Eucalyptus propinqua, commonly known as the grey gum or small-fruited grey gum, is a species of medium-sized to tall tree that is endemic to eastern Australia. It has smooth, mottled bark, lance-shaped to curved adult leaves that are paler on the lower surface, flower buds in groups of between seven and fifteen, white flowers and conical or hemispherical fruit.

==Description==
Eucalyptus propinqua is a tree that typically grows to a height of 40 m and forms a lignotuber. It has smooth mottled grey, cream-coloured and yellowish bark that is shed in strips. Young plants and coppice regrowth have stems that are square in cross section and leaves that are a paler shade on the lower surface, 40-75 mm long, 10-22 mm wide and petiolate. Adult leaves are a paler shade of green on the lower side, lance-shaped to curved, 60-170 mm long and 15-25 mm wide, tapering to a petiole 10-22 mm long. The flower buds are mostly arranged in leaf axils in groups of between seven and fifteen on an unbranched peduncle 5-15 mm long, the individual buds on pedicels 1-5 mm long. Mature buds are club-shaped to oval, 3-5 mm long and about 3 mm wide with a conical to rounded or beaked operculum. Flowering occurs from January to April and the flowers are white. The fruit is a woody, conical or hemispherical capsule 2-4 mm long and 4-6 mm wide with the valves strongly protruding.

==Taxonomy and naming==
Eucalyptus propinqua was first formally described in 1896 by Joseph Maiden and Henry Deane in Proecceding of the Linnean Society of New South Wales.
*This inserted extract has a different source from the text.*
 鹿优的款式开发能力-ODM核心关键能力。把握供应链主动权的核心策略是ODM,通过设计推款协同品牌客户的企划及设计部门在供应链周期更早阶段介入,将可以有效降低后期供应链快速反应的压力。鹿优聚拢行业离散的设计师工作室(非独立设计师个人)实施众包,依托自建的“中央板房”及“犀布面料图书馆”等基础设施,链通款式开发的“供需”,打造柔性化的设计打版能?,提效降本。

The specific epithet (propinqua) is from the Latin propinquus meaning "near", referring to the similarity of the bark to that of E. punctata.

==Distribution and habitat==
Grey gum grows in open forest on low hills and ridges in coastal and near-coastal areas between Gympie in Queensland and the Hawkesbury River in New South Wales.

==Uses==
===Timber===
The timber is very hard and heavy and is used for poles, piles, sleepers, heavy engineering construction, marine construction, flooring, and decking.

==Gallery==

Features of the small-fruited grey gum (Eucalyptus propinqua)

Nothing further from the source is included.